The Tory is response is that we now have enough onshore wind.

Justifying the decision, Secretary of State for Energy and Climate Change Amber Rudd said: “We want to help technologies stand on their own two feet, not encourage a reliance on public subsidies."

Ignoring the fact that all energy receives a public subsidy, there is no doubt the decision will make hitting renewables targets harder, with research from the Committee on Climate Change showing that substituting offshore wind for onshore wind would increase the costs of decarbonisation by an estimated £900m per year by 2030.

But that is not why the move is surprising.

The argument for green energy is not one based entirely in environmentalism, but in economics – assuming you believe environment and economy are separate in the first place.

Renewable energy is an area where the UK, and Scotland in particular, holds a comparative advantage over other countries.

It is a huge economic opportunity, with Scottish Renewables estimating the decision could mean £3bn in lost investment.

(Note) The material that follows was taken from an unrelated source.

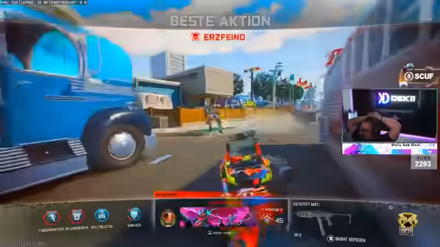 01:58:26Trotzt der anfänglichen Frustration gelingt es dem Streamer in einer Runde, einen "Nuke" (20er Killstreak) zu erzielen. Er ist begeistert von der Performance, die er mit der aktuellen Waffe zeigt, und macht sich über die schlechten Gegner lustig. Die Stimmung kippt deutlich ins Positive, als er den Killstreak absolviert und die Killcam mit seinen schnellen Eliminierungen betrachtet. Dieser Erfolg dient als willkommener Kontrast zu den vorherigen, frustrierenden Runden und bestätigt ihm, dass der getestete PC für das Spiel durchaus tauglich ist.
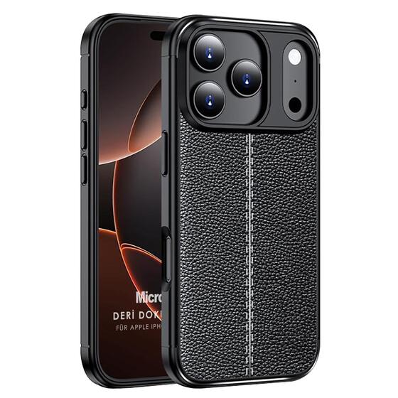 Microsonic Apple iPhone 17 Pro Max Kılıf Deri Dokulu Silikon Siyah

Beyond that, the move appears legally risky, given that many of the projects already in existence made commitments on the basis of the support they were supposedly guaranteed until 2017. In fact it could conceivably leave the UK Government facing a judicial review over the decision.

As Scottish Government energy minister Fergus Ewing put it: “It is not the scrapping of a ‘new’ subsidy that was promised but a reduction of an existing regime - and one under which companies and communities have already planned investment.”

The only way the decision could be justified is that the Tories just really do not like how wind turbines look. But then are they worse than other energy stations?

It is a weird move because investment in renewables should appeal to the 'party of business'. Like holding a referendum over the UK’s membership of the EU, this is a very strange decision for the Tories to make.